Source material:
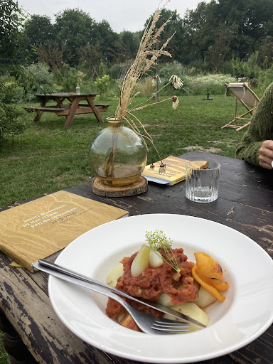 De locatie is uniek: omringd door moestuinen, bloemenvelden en een landelijke sfeer met houten hekjes en een natuurlijke inrichting. Het buitenterras, met houten tafels, strobalen en kleurrijke bloemen in vazen, nodigt uit om urenlang te genieten van een goed gesprek of een drankje. Vooral bij mooi weer is het een fantastische plek om lekker te zitten.
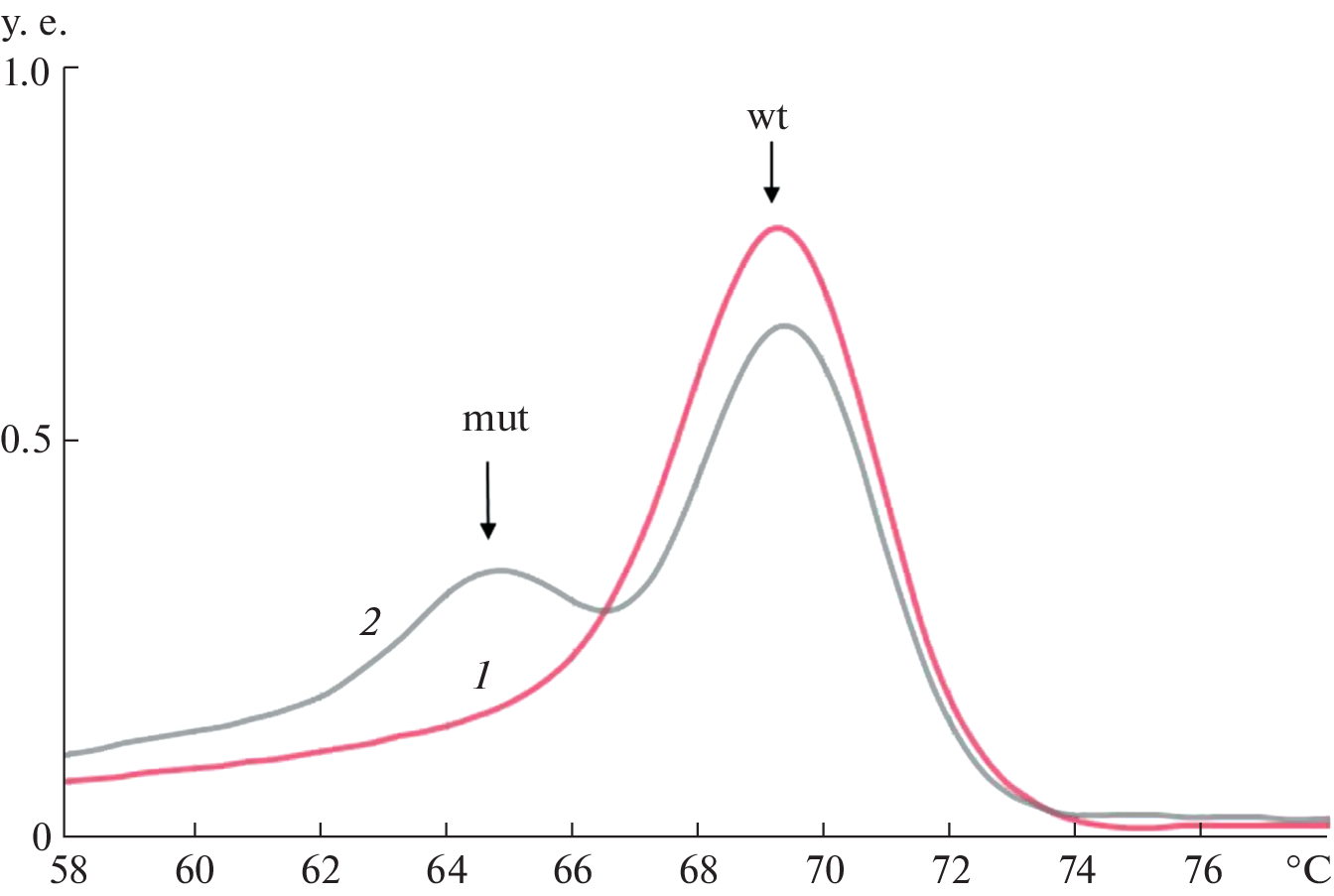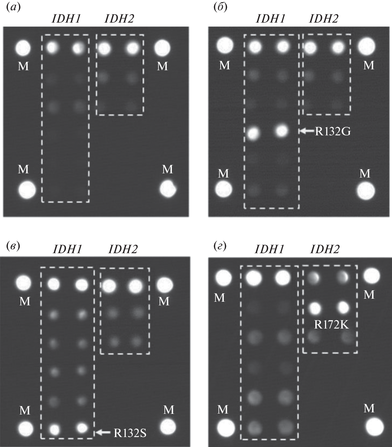 Mutations in isocitrate dehydrogenases 1 and 2 (IDH1 and IDH2) genes are important diagnostic and prognostic markers in a number of tumors (chondroid tumors, brain tumors, leukemia). To determine mutations in the IDH1/2 genes the method of allele-specific hybridization on a biological microarray was developed, which makes it possible to determine the presence of a mutation in a tumor sample (chondroid tumors and glioblastoma) and the variant of nucleotide substitution. When comparing IDH1/2 mutation detection methods using a biological microarray and DNA melting analysis with a TaqMan probe, full coincidence of results was obtained, with the biochip method making it possible to determine the type of nucleotide substitution without an additional sequencing step.
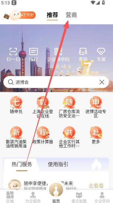 2、通过电子营业执照登录后,系统所呈现的基本功能展示界面,对应的便是营商相关的内容板块。
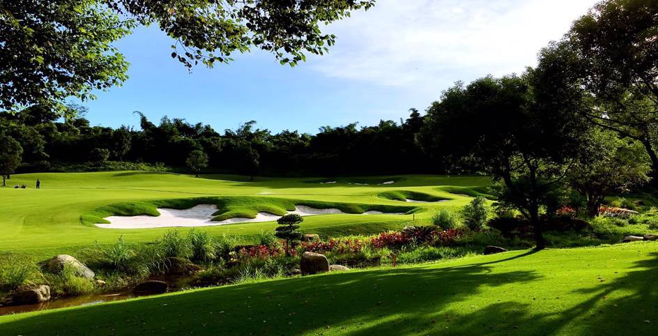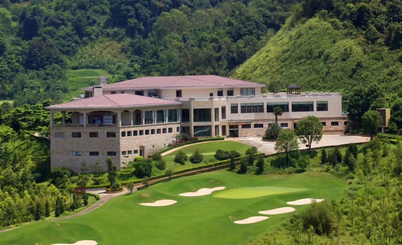 球场三面环山,一眼望去,峰峦叠嶂,郁郁葱葱,名贵的沉香木、樟树、美竹与原生态森林构成天然氧吧,精心布置的白色沙坑和湖水相互映衬,无论您在球场哪一个角落都能感受到这片高尔夫乐土的宁静与美丽。球场美丽但不奢华,温婉却暗藏杀机。果岭依山而建,在山丘、陡坡间起伏不定,坡度刁钻,易守难攻,极富挑战性。整个球场的设计充满梦幻和错觉,置身于世外桃源球场,体验“一洞一世界”的美妙。
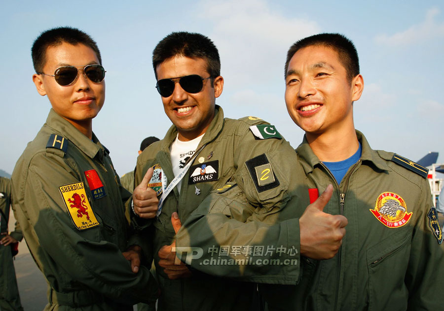 Pilots from August 1st Aerobatics Team takes group photo with pilots from Sherdils, the aerobatics display team of Pakistan at the 8th Airshow China in November 2010. (Photo/Archive)
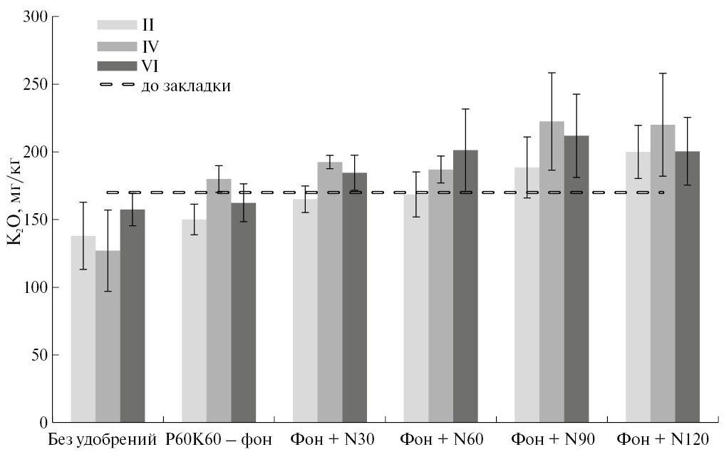 Содержание подвижных соединений калия в пахотном слое почвы (0–20 см) в данных вариантах в 4–6 ротациях было больше исходного уровня в 1.2–1.3 раза. Сравнение вариантов P60K60 и N60P60K60 показало, что поддержание содержания подвижных соединений калия на исходном уровне при применении полного минерального удобрения происходило в большей степени за счет влияния азотных удобрений на растворимость и доступность калийных соединений.
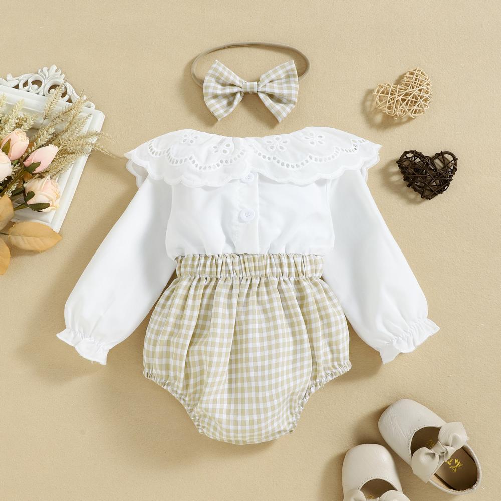 Baby Girls Lace Doll Collar Autumn Winter Long Sleeve Plaid Romper Wholesale Girls Clothes
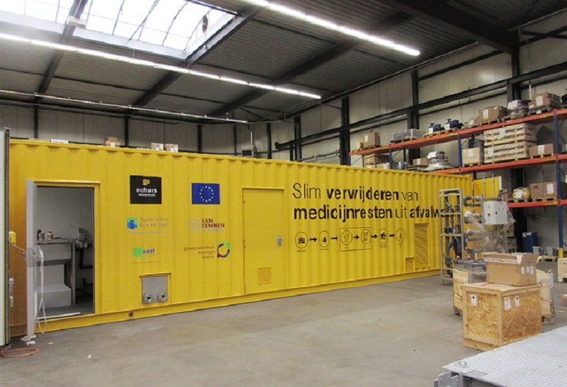 De drie partijen onderzoeken hoe de geïntegreerde ozon- en uv-behandeling voor de afbraak van medicijnresten, röntgencontrastvloeistoffen en resistente bacteriën kan zorgen. Hiervoor plaatsen ze een gele container met een filtratiestap, ozon- en uv-technologie en meetapparatuur bij het ziekenhuis in Winterswijk.
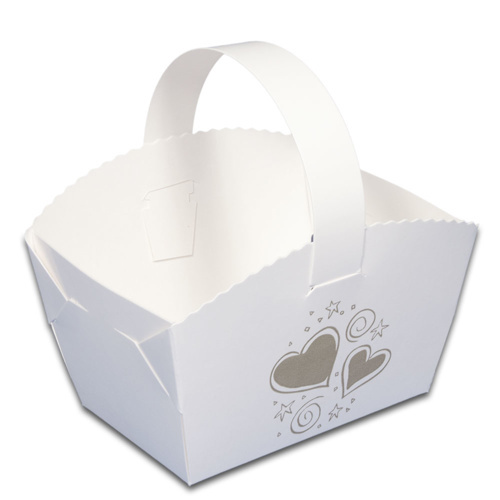 Tento odolný košíček je vyroben z kvalitního bílého kartonu zdobeného milými srdíčky, který se skvěle hodí nejen na svatební koláčky, ale také na drobné chuťovky či různé druhy svatebního pečiva. Je univerzální a využijete ho i při jiných příležitostech, jako jsou firemní večírky, narozeninové oslavy nebo jiné slavnostní události.

Exercise objective:
Would you set down only the lines above from the line with "2、通过电子营业执照登录后,系统所呈现的" to the line with "Pilots from August", both included, exactly as they stand and without the pictures?

Expected answer:
 2、通过电子营业执照登录后,系统所呈现的基本功能展示界面,对应的便是营商相关的内容板块。
 球场三面环山,一眼望去,峰峦叠嶂,郁郁葱葱,名贵的沉香木、樟树、美竹与原生态森林构成天然氧吧,精心布置的白色沙坑和湖水相互映衬,无论您在球场哪一个角落都能感受到这片高尔夫乐土的宁静与美丽。球场美丽但不奢华,温婉却暗藏杀机。果岭依山而建,在山丘、陡坡间起伏不定,坡度刁钻,易守难攻,极富挑战性。整个球场的设计充满梦幻和错觉,置身于世外桃源球场,体验“一洞一世界”的美妙。
 Pilots from August 1st Aerobatics Team takes group photo with pilots from Sherdils, the aerobatics display team of Pakistan at the 8th Airshow China in November 2010. (Photo/Archive)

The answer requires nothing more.